Since then, Instagram co-founder Mike Krieger has stated that they do not deliberately withhold likes or notifications in order to drive user engagement, rather that there may simply be a lag thanks to the algorithm and an attempt to avoid bombarding people. A delay in likes could be affected by any number of reasons, including geographical location or a sudden flood of engagement all at once.

The original author of the tweet, and a subsequent Quartz article, is being accused of spreading fake news and it would seem that, at best, it was a misunderstanding.

But many, many people were prepared to believe it was true – because our self-worth has become intrinsically linked to the popularity of our online persona and because our trust in the big technology companies is at a low.

In her book, The Cyber Effect, cyber-psychologist Dr Mary Aiken discusses the way in which technology amplifies and escalates human behaviour. This can be a positive thing – for example, people might be more altruistic and give more to charity.

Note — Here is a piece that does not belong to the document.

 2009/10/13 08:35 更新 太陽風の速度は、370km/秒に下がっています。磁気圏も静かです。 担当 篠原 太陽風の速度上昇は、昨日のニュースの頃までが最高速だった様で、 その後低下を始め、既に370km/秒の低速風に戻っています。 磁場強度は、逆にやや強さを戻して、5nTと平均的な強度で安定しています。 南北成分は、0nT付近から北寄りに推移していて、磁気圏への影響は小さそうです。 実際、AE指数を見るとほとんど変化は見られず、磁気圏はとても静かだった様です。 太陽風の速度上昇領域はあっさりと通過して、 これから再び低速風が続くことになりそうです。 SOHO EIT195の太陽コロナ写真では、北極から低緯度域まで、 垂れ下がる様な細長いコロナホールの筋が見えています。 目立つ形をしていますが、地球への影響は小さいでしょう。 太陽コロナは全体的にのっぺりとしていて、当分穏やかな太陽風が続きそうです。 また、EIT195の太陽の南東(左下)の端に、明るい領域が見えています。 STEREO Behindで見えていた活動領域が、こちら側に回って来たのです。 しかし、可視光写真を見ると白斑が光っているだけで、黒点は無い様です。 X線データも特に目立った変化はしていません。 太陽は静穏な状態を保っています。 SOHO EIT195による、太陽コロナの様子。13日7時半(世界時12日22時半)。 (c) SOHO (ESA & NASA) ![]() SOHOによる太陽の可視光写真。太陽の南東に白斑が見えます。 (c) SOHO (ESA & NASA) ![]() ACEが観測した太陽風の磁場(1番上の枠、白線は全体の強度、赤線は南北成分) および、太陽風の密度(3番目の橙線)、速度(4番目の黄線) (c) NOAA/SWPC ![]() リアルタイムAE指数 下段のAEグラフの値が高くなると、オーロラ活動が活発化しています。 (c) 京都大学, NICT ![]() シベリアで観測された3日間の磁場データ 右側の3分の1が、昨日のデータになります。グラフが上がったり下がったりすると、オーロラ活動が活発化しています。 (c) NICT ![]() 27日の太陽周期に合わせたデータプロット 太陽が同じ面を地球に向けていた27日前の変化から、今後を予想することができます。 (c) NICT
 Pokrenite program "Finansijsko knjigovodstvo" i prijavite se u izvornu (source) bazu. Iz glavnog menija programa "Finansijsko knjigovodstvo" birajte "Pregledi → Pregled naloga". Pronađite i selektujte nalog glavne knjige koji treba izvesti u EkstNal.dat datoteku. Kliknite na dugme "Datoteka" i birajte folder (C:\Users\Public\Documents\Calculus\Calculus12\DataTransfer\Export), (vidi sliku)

Or, it may have more worrying connotations, like being more of a bully or increasing hypochondria.

It sounded true because we have been conditioned that our social worth is dependent on our online popularity and that we are in competition with everyone and everything for a finite amount of online recognition

In the context of Instagram, if you’re a person who craves affirmation from other people, the currency of likes is likely to feed your need for a stamp of approval.

Anyone with relationships with younger brothers, sisters, nieces, nephews or teen children has a worrying story about concerns about not having enough likes online. And even those of us who would consider ourselves to have a relatively healthy relationship with social media would struggle to deny the flicker of satisfaction at seeing the little red hearts multiply.

Digital journalist Kim Easton-Smith has reframed her thinking on the topic: “Personally, I’d say I don’t care quite as much about likes as I used to. I’ve positioned Instagram in my head as a personal diary, so, to satisfy my need for likes in that way, I tend not to use hashtags on my personal snaps because I don’t care how many likes they get, but I put them on more generic pics like food or locations to encourage a bit of a likes boost.

“I do think the dopamine hit of a like is still super powerful, though. I have a private account with no followers that I intended to use as a memory-storage Insta and it’s just not the same. I don’t spend the same amount of time crafting the captions or thinking about the filters because I know it’s just for me.”

She also thinks that the way we use Instagram has changed how we view likes. “I wonder if it’s moved a bit on to Stories now? Like, being more interested in how many people follow your story to the end and whether they check back in the next day – are you interesting enough? And if you lose people, does that mean you’re boring? I think that probably has a big impact on self-esteem.”

Florence Eves, who is digital marketing manager for classical-music agency Intermusica, agrees that Stories has complicated the approach to using the platform: “We’ve never been ones to chase likes, but it’s always nice when a post gets a lot of love. Since the Stories feature launched, we’ve experienced much greater engagement on those and a slight dip in individual posts, so we’ve had to adjust our strategy to reflect that.”

She also thinks that followers are more important than likes: “Every new follower is an opportunity to make a connection that will hopefully last for some time. It’s too easy to hit the like button, but if someone follows you, it usually means they’re happy to view your content regularly on their feed, which is much more meaningful.”

So, likes might not be the most important thing any more, but not because we have all evolved to no longer need them. We still want to be loved… just by friends, followers, strangers and Story-watchers alike. And, whether or not the notifications tumble in all at once or trickle in over a few days (thanks, non-chronological timeline), we’ll probably still be on tenterhooks either way.

Just wouldn’t it be so much easier if, when they don’t, we could blame the system instead of ourselves?